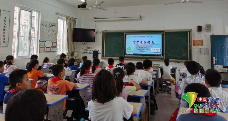 活动中,讲师先以生动的语言为同学们讲解了江豚的基础知识并和同学们一起观看了中国科学院水生生物研究所饲养的江豚水中嬉戏的视频,小江豚“悬停”“吐水”等可爱的小动作更引起了小朋友们的阵阵欢笑。
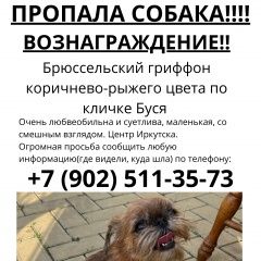 Пропал брюссельский гриффон в центре Иркутска. Район музыкального театра, ул. Коммунаров 14. Коричневая с рыжеватым оттенком. Маленькая, с большими глазами. Смешная и навязчивая. Тел:.. Звонить по любой информации(где..
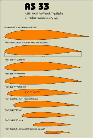 Das Profil HQ/DS-2/10 wurde vor allem für die AS 33-HKM gewählt, weil mit negativem Ausschlag der Klappen und Ruder bis zu ca. -4° das Profil fast eine symmetrische Form annimmt und die Polaren sich derart zu niedrigeren Auftriebsbeiwerten verschieben, dass bei Nullauftrieb etwa der geringste Profilwiderstand entsteht. Mit dem Eppler Programm PROFIL06 errechnet sich ein minimaler Profilwiderstand von cwp ≤ 0,005, ohne Klappen
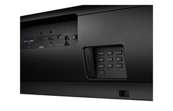 各種端子は本体側面に設置。入力端子としてHDMI端子を2系統(HDMI2.0 & HDCP2.2、HDMI1.4a & HDCP1.4)とミニD-sub15ピンを2系統備える。各種端子は余裕を持たせて配置しており、ケーブル交換時の接続性に配慮。フロント換気のデザインを採用し、オプションで天吊り金具が用意される。

:: BRIEF ::
Reproduce, exactly and with no pictures, the lines from the line containing "Das Profil HQ/DS-2/10" through the closing line of the data above, keeping both ends.

:: RESPONSE TO THE EXERCISE ::
 Das Profil HQ/DS-2/10 wurde vor allem für die AS 33-HKM gewählt, weil mit negativem Ausschlag der Klappen und Ruder bis zu ca. -4° das Profil fast eine symmetrische Form annimmt und die Polaren sich derart zu niedrigeren Auftriebsbeiwerten verschieben, dass bei Nullauftrieb etwa der geringste Profilwiderstand entsteht. Mit dem Eppler Programm PROFIL06 errechnet sich ein minimaler Profilwiderstand von cwp ≤ 0,005, ohne Klappen
 各種端子は本体側面に設置。入力端子としてHDMI端子を2系統(HDMI2.0 & HDCP2.2、HDMI1.4a & HDCP1.4)とミニD-sub15ピンを2系統備える。各種端子は余裕を持たせて配置しており、ケーブル交換時の接続性に配慮。フロント換気のデザインを採用し、オプションで天吊り金具が用意される。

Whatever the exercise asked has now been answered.